Confira alguns dados sobre conflitos urbanos e rurais na Colômbia, que são do Sistema de Informação sobre Agressões contra Defensores dos Direitos Humanos na Colômbia (SIADDHH). Esse Sistema é alimentado por dados de organizações de base presentes nos territórios, como a Associação Minga.
180 assassinatos de lideranças entre o período de abril de 2018 e abril de 2019;
Apenas em 2018 foram registrados 805 casos na Colômbia - que englobam assassinatos, ameaças de morte (que têm aumentado nos últimos tempos, principalmente via celular), atentados, agressões, desaparecimentos, prisões, ações de criminalização e roubo de informações sensíveis;
E apenas em 2018, desses 805 casos, foram registrados 155 assassinatos de lideranças rurais e urbanas no país.
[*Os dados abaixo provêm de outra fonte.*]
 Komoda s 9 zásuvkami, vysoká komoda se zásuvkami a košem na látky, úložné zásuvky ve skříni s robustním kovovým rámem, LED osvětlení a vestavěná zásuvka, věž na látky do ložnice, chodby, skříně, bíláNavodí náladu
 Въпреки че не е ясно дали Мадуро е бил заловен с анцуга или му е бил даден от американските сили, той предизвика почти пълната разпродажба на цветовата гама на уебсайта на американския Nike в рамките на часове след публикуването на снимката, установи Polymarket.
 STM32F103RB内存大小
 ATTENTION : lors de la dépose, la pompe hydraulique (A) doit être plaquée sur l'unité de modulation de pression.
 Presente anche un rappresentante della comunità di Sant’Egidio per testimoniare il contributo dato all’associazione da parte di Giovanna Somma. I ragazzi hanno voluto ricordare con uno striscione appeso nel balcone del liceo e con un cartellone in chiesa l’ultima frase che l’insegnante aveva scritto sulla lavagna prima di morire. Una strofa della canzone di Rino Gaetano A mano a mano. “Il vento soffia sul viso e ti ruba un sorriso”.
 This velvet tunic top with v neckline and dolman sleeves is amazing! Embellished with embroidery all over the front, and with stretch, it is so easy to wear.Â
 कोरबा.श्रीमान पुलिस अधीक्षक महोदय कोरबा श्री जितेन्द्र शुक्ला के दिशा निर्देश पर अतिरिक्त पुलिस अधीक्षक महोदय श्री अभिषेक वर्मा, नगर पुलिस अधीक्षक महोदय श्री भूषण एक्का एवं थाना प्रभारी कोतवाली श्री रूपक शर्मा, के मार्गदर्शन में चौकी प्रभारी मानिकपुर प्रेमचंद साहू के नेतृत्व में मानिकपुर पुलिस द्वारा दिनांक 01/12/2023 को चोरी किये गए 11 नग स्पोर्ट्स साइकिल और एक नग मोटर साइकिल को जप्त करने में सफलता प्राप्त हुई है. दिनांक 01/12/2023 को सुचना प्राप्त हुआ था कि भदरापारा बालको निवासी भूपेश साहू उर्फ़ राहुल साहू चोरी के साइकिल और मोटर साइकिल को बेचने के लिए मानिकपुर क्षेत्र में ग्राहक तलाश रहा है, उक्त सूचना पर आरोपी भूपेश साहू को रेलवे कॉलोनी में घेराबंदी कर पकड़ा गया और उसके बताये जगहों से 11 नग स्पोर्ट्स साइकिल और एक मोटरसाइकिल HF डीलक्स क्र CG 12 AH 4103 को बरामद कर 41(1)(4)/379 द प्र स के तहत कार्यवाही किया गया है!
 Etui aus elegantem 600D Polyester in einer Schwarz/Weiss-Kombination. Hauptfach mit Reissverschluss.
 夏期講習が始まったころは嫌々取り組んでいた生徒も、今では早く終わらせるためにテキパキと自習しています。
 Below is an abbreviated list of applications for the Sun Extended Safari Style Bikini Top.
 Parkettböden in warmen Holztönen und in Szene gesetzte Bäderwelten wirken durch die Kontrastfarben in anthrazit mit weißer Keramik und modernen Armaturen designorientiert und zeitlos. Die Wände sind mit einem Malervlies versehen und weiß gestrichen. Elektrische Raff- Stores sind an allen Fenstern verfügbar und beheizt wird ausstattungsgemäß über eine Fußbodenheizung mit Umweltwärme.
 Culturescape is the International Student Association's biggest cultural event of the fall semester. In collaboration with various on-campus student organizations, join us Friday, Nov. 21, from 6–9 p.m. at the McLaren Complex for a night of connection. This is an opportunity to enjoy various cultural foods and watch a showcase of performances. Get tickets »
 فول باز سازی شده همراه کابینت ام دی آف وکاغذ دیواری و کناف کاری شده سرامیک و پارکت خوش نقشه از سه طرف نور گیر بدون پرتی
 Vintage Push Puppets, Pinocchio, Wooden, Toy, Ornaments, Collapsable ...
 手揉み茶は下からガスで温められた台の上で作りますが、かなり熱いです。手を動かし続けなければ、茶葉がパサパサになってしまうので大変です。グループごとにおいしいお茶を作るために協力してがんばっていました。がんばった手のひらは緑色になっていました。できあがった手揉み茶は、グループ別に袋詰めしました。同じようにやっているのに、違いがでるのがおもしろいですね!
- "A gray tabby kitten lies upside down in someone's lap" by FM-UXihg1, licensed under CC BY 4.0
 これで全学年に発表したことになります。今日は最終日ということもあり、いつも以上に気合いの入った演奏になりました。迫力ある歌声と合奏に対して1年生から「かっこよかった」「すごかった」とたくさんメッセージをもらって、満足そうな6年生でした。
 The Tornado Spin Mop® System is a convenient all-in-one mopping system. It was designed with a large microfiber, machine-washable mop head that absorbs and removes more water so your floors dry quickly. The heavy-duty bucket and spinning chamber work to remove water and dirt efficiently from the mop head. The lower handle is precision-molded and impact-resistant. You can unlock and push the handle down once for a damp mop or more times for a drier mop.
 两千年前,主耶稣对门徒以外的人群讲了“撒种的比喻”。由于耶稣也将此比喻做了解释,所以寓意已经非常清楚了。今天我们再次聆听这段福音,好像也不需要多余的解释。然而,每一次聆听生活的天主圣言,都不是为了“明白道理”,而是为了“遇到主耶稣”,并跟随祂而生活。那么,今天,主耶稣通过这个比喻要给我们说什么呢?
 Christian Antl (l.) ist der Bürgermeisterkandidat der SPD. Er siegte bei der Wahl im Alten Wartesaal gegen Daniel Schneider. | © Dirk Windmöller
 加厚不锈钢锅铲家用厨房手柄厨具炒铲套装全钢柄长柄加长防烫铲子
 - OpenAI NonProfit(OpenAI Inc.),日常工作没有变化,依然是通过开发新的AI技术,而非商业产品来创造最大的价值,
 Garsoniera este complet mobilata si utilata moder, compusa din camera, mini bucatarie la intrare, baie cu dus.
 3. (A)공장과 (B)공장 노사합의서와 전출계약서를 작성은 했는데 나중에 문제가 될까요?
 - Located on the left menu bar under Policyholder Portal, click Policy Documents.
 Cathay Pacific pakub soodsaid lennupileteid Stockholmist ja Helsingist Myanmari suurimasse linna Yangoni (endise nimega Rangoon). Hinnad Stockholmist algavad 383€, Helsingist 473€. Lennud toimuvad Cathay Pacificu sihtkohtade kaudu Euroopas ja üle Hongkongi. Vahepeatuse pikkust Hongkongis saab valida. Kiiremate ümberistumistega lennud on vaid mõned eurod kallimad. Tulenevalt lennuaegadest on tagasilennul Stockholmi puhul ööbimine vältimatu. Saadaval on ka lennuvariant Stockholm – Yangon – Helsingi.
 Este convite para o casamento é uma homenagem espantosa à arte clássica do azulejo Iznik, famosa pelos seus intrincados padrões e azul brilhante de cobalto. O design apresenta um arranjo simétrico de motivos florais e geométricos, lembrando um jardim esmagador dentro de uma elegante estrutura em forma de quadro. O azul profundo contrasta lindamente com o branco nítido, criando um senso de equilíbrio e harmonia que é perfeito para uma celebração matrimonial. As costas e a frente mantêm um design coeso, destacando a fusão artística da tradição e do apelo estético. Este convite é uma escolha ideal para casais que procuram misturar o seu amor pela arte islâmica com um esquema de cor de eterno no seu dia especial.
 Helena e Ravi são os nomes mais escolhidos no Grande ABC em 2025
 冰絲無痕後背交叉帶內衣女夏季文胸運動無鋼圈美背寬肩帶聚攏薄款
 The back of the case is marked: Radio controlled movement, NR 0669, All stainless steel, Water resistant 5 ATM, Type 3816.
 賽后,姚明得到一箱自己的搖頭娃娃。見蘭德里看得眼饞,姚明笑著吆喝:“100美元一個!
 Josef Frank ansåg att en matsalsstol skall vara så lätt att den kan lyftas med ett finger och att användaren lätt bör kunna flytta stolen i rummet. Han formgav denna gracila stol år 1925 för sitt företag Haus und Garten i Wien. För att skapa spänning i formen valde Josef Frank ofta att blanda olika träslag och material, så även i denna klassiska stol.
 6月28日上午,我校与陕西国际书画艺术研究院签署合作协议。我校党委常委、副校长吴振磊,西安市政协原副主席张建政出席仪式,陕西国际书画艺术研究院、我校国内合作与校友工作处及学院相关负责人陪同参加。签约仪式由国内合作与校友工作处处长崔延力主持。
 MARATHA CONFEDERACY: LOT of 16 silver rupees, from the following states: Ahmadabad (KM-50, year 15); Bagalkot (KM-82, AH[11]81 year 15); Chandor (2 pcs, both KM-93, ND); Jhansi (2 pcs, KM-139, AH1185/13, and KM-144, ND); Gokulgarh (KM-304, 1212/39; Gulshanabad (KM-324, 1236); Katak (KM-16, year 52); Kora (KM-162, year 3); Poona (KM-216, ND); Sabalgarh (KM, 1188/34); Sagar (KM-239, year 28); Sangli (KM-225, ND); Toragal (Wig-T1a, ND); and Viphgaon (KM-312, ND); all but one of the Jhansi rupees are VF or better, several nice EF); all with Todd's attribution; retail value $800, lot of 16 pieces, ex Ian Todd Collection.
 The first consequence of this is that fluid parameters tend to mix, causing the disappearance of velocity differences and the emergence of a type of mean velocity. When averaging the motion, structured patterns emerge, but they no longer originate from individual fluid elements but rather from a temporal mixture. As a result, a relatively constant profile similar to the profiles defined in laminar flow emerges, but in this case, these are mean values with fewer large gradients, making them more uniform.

Desse total de mortes, 23 ocorreram na Amazônia;
Em 2019, apenas no 1º trimestre, já foram registradas 245 agressões individuais e 25 assassinatos, sendo 2 na região amazônica;
Amparo Fabiola Rodríguez foi uma das lideranças indígenas colombianas mortas em 2018. Crédito: Relatório SIADDHH
Confira a entrevista com Olga Lucía Suárez Monrroy:
Como surge a relação e parceria entre a Associação Minga e a Comissão Pastoral da Terra (CPT)?
Conhecemos a CPT em Tarapoto, no Peru, durante o VIII Fórum Social Pan-Amazônico (FOSPA). A partir daí nós estabelecemos uma abordagem especial e uma compreensão significativa para gerar ações que podem contribuir para o cuidado e a proteção da Amazônia. A relação com a CPT foi reforçada através do processo de caminhada para a IX Fórum, que será realizado em Mocoa, em Putumayo, na Colômbia [em março de 2020].
Essa relação também vem para estimular a iniciativa de ação para o mapeamento dos conflitos, o que nos permitiu conhecer mais uns aos outros e compartilhar experiências em face do trabalho de defesa e proteção dos direitos humanos. Agências internacionais de cooperação, como o Comité Catholique Contre la Faim et pour le Développement – Terre Solidaire (CCFD) [agência francesa], mostraram interesse em apoiar ações do FOSPA, para que organizações pudessem se encontrar e articular ações de fortalecimento de resistência e defesa dos territórios amazônicos.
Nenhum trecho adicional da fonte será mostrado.